Modulation of interprotomer relationships is important for activation of dimeric calcium-sensing receptor.

The extracellular calcium-sensing receptor (CaR) forms a disulfide-linked dimer through cysteine residues within its N-terminal extracellular domain (ECD). However, these disulfide linkages are dispensable for the formation of the dimeric CaR and for the functional reconstitution of two inactive CaRs. In this study, using molecular modeling, mutagenesis, and biochemical and biophysical analyses, we examined the importance of two leucine residues, Leu-112 and Leu-156, in the ECD of the CaR for the non-covalent dimerization and functional reconstitution. We found that the mutant receptor carrying L112S and L156S still exists mostly as a covalently linked dimer and has a significantly higher apparent affinity for calcium than the wild-type receptor.

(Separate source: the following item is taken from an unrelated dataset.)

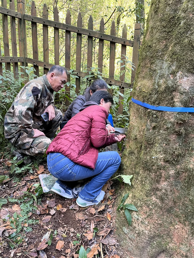 近日,云南省林木种苗工作总站联合西南林业大学、普洱市林业和草原局、云南哀牢山国家级自然保护区镇沅管护局组成专业技术团队,到普洱市镇沅县九甲镇为云南哀牢山国家级自然保护区内的1号、2号和3号野生古茶树“诊脉体检”,旨在为古茶树精准保护提供科学依据,同时为哀牢山千家寨野生茶树群落监测奠定良好基础。
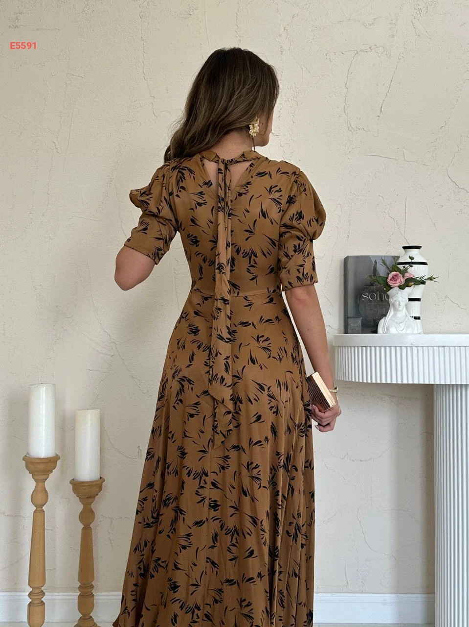 فستان طويل منقوش بربطة خلفية

However, a combination of four mutations, L112S, L156S, C129S, and C131S, significantly reduces receptor dimerization and markedly inactivates the CaR. We also found that L112S and L156S mediate the non-covalent intermolecular interactions important for functional reconstitution. Because mutating either the two cysteines or the two leucines enhances the apparent ligand affinity of the CaR, it is likely that the changes in intermolecular relationships between two receptor protomers linked by these leucines and cysteines are essential for receptor activation. Moreover, these mutations are unlikely to have negative effects on the secondary structure of each protomer of the dimeric receptor. Thus, the detrimental effects of the combined mutations on the function of the CaR further suggest that CaR dimerization through its ECD is essential for the formation of a functional tertiary structure of the CaR.